Task brief
The reply must repeat each entry exactly and contain no pictures.

[Collected data entries]
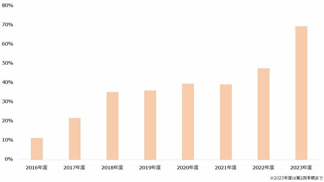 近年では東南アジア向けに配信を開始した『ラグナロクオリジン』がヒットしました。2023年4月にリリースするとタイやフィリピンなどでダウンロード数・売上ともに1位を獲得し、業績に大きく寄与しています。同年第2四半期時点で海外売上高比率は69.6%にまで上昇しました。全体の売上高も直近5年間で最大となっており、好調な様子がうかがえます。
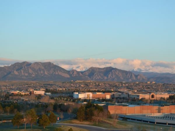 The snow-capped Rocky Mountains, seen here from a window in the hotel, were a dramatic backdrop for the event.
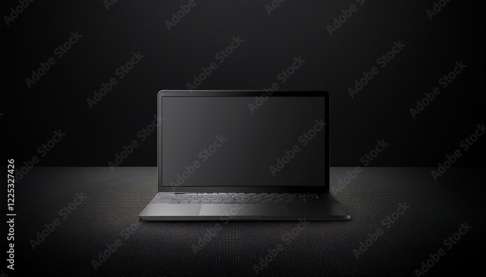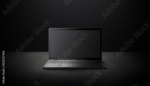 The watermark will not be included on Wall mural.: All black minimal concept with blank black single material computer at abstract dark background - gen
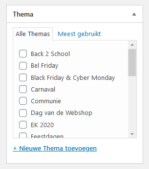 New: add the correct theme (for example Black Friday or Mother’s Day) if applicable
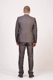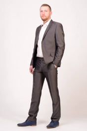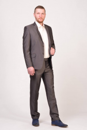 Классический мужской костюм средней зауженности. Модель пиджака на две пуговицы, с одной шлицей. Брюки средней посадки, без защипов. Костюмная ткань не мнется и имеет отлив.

Written response
 近年では東南アジア向けに配信を開始した『ラグナロクオリジン』がヒットしました。2023年4月にリリースするとタイやフィリピンなどでダウンロード数・売上ともに1位を獲得し、業績に大きく寄与しています。同年第2四半期時点で海外売上高比率は69.6%にまで上昇しました。全体の売上高も直近5年間で最大となっており、好調な様子がうかがえます。
 The snow-capped Rocky Mountains, seen here from a window in the hotel, were a dramatic backdrop for the event.
 The watermark will not be included on Wall mural.: All black minimal concept with blank black single material computer at abstract dark background - gen
 New: add the correct theme (for example Black Friday or Mother’s Day) if applicable
 Классический мужской костюм средней зауженности. Модель пиджака на две пуговицы, с одной шлицей. Брюки средней посадки, без защипов. Костюмная ткань не мнется и имеет отлив.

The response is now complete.